What is needed
Once the line with "Нержавеющая сталь скульптура" is found in the data, output it and each following line exactly, up to and including the line with "(贺龙给八大老僧请派骑将作前驱的公文)", and nothing before or after.

Records provided
Content starts
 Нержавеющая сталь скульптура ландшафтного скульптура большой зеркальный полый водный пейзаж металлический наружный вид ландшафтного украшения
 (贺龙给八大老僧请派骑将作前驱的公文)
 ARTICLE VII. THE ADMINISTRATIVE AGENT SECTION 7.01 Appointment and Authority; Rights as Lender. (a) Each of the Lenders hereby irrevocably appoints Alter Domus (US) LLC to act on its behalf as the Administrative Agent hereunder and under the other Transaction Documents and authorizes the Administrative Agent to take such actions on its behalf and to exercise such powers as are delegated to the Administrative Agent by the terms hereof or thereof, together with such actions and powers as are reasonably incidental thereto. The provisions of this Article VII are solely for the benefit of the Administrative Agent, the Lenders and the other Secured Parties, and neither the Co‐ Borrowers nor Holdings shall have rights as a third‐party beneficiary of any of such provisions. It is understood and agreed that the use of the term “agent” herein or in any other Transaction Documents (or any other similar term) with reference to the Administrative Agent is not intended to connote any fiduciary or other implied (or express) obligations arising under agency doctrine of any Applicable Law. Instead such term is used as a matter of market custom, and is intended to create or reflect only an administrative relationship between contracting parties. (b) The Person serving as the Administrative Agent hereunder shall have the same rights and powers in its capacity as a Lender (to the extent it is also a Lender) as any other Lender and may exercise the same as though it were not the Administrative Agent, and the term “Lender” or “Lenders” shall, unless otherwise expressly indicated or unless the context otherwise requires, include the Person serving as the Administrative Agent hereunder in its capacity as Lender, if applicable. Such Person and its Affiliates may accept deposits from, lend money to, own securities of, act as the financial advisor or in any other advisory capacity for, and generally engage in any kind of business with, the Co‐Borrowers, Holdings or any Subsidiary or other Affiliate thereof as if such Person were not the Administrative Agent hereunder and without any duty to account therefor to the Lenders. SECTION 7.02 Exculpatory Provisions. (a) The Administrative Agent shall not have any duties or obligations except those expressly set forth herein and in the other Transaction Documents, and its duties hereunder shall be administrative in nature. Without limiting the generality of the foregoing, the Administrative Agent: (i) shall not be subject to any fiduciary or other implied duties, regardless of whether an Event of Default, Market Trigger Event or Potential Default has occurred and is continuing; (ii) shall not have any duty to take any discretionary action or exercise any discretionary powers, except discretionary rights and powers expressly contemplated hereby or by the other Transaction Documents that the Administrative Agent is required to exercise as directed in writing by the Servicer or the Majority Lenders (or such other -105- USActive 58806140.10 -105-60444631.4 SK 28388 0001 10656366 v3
Content ends
Content starts
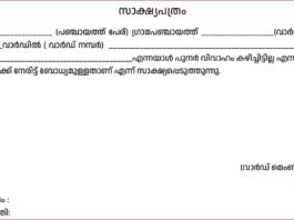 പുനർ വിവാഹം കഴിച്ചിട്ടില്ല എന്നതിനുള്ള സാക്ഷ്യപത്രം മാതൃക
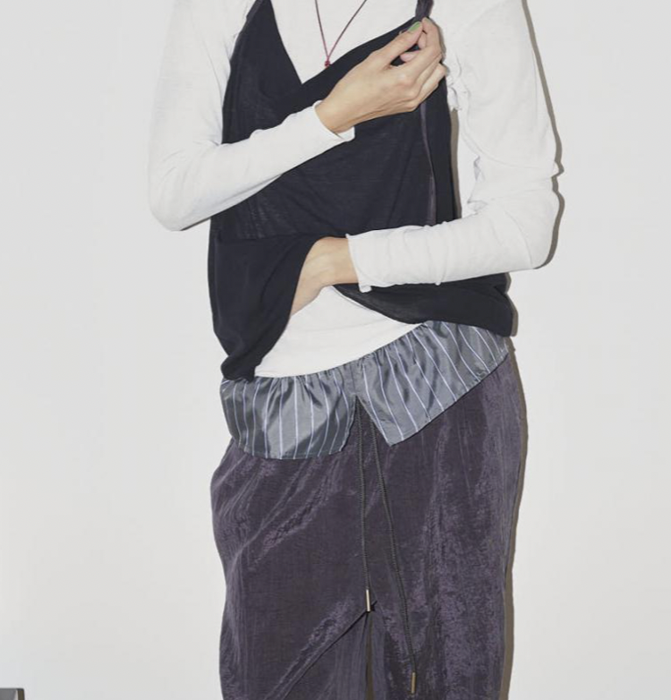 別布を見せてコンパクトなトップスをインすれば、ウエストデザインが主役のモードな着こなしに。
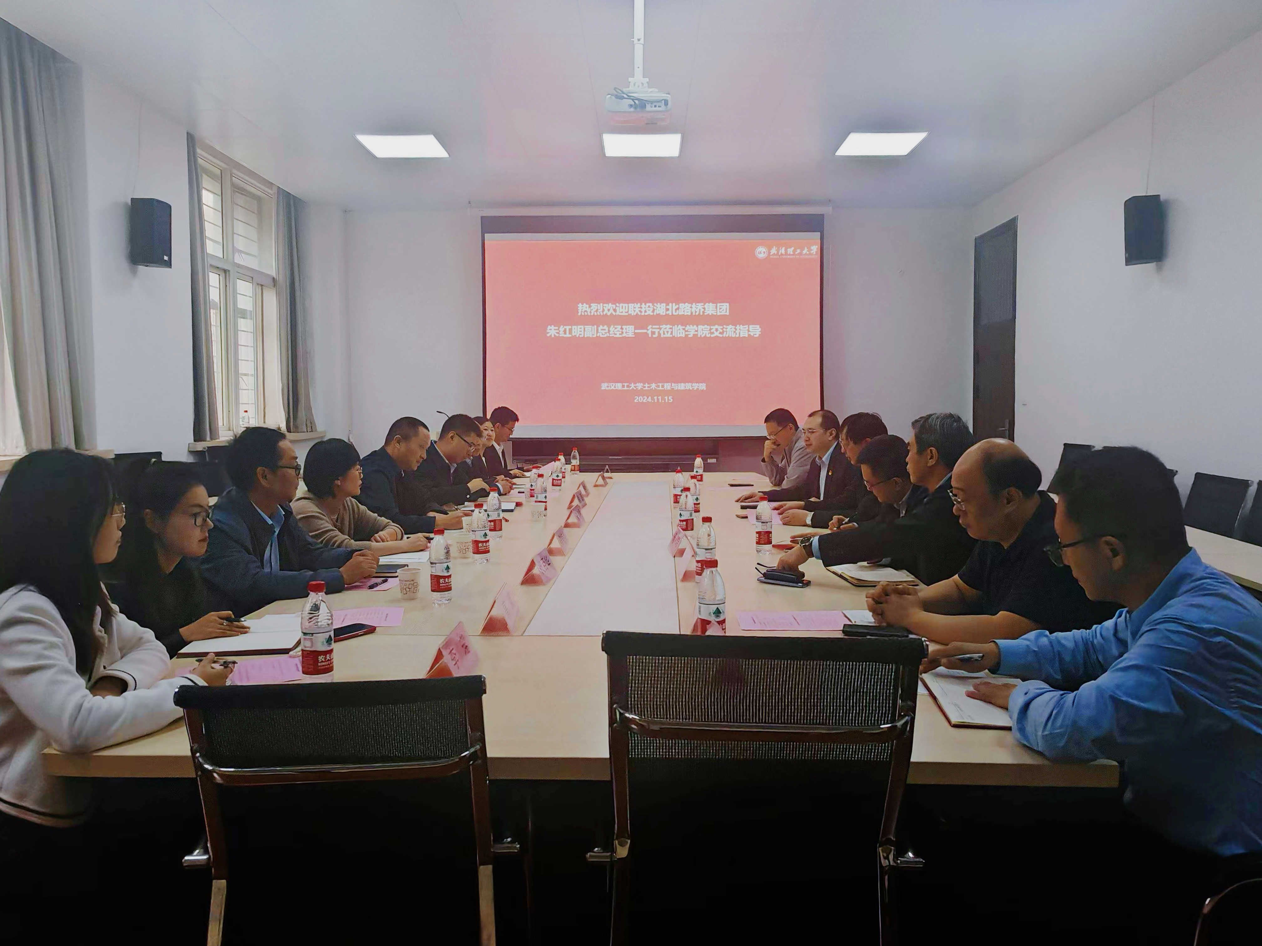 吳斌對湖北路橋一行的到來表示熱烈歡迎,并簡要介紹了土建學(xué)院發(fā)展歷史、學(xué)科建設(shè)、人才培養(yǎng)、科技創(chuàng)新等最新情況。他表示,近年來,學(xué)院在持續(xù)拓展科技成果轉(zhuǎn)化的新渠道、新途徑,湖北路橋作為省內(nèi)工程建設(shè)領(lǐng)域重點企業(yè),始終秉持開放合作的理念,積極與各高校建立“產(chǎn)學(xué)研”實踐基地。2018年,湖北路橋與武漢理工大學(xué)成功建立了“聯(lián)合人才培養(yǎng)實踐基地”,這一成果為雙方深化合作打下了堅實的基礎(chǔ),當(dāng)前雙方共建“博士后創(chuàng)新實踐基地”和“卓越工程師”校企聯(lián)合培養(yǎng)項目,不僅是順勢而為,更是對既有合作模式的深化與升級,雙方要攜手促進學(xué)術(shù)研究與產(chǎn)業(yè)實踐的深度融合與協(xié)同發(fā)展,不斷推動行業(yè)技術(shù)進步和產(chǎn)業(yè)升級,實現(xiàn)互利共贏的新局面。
Content ends
Solution to the problem
 Нержавеющая сталь скульптура ландшафтного скульптура большой зеркальный полый водный пейзаж металлический наружный вид ландшафтного украшения
 (贺龙给八大老僧请派骑将作前驱的公文)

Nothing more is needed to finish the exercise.